"It didn't surprise me to look up into the early morning sky and see the waning moon tangled in the rigging, in a sky . To choose a life on the water is to give yourself up to the tides, the outer ones and the ebb and flow of your own inner waters. So when I glanced up and saw her so bright in a morning sky that perfect color of blue that lasts for an hour, maybe more, it came to me exactly what I had chosen, why I was here. Yes it was love, and living, but something more too. I left a dry place where I dreamt of water and came to a place where water abounds, a waterlogged land blessed with an astonishing abundance -- of green, of moisture, of birds, of a lush and tropical beauty."
I wrote this toward the end of November and found it after New Year's, more than a month later, after a span of busy-ness that always seems part and parcel of the holidays. I re-disovered it after listening to an NPR story about how we change more than we think we do. Here's the crux of it: The researchers found that "people underestimated how much they will change in the future. People just didn't recognize how much their seemingly essential selves would shift and grow.
And this was true whether they were in their teen years or middle-aged.
'"Life is a process of growing and changing, and what our results suggest is that growth and change really never stops," says Gilbert, "despite the fact that at every age from 18 to 68, we think it's pretty much come to a close."
Personality changes do take place faster when people are younger, says Gilbert, so "a person who says I've changed more in the past decade than I expect to change in the future is not wrong."

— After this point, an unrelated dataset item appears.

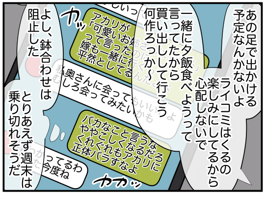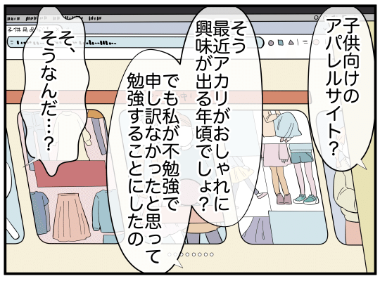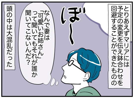 矢部マリアから服や髪飾りをもらっていることを、ゲーム感覚で秘密にしていた娘。しかしさすがの主人公も、娘の服が増えていることに気がつく。そしてついに娘も「可愛いお姉さん」という名前をこぼしてしまうのだった…

But that doesn't mean they fully understand what's still to come. "Their estimates of how much they'll change in the future are underestimates," says Gilbert. "They are going to change more than they realize. Change does slow; it just doesn't slow as much as we think it will."'
It struck me, reading this draft entry, forgotten in the pre-Christmas rush, the place I was then, compared to where I am now. A month ago and I was strong and sure, prepared for the next step along my path. A month passes and my skies are a bit cloudy, a 30% chance always seeming to herald a downpour. If a month can bring such a change, what potential does a year have? A decade? How could we think of ourselves, even at the ripe age of fifty-four as static beings, just refining ourselves, altering slightly but in our essentials, the same?
Where was I going with this month-old bit of prose? Was I going to wax on deliriously at this moment of rightness when I knew I was just where I was supposed to be and who I was supposed to be with? Was I going somewhere a little dark, sensing at my edges the doubt that marks me, my Libra legacy. Certainly the word "tangled" sits a little oddly, a word that insinuated itself into body and title.
They ebb and flow, surety, doubt, at least for me. There's a bit of Florida's watery nature within me, something tidal that is always either becoming or letting go, embracing or releasing. I read once entropy, specifically chemical entropy, was the desire to hold and the desire to be held, two forces that increased and lessened. In synchrony, we hold and are held, one stronger as the other weakens, the weak strengthening as the strong fails. It seemed a more hopeful view of the force that drives things apart, that sends satellites through failing orbits, crashing to earth, that will tug at our universe, pulling us farther apart. Now I feel it, that urge to hold and be held tipping this way and that. I can see how at it's edges it can be pretty ugly, but in that Hegelian between is love and family, friends and community. It's connections that span decades, giving and taking, tipping this way and that, always searching for its equinox. I realize, writing this, that I am a bit black and white about things, a little judgmental. If balance is the key, then only balance will do. I tend not to see things as a journey, in balance's case, something that comes and goes and comes again, with a periodicity that can be counted on but the moment or two or three, there and then gone. I forget to enjoy those moments, to settle in the knowing they will come again. I so regret the loss or so hope for the return that all the time between, the real stuff of life, I never quite enjoy as I could.
Florida has been an interesting stop for me. I always knew it was never my final destination although, once here, I began to act as if it was. Always a planner, it's hard for me to have chosen a life without a particular end, choosing a life that must be sailed as opposed to visited, the journey really everything. I keep thinking this is so unlike me, but maybe I've changed that much and I just never realized. Maybe this is exactly like me, this me. I guess we will see.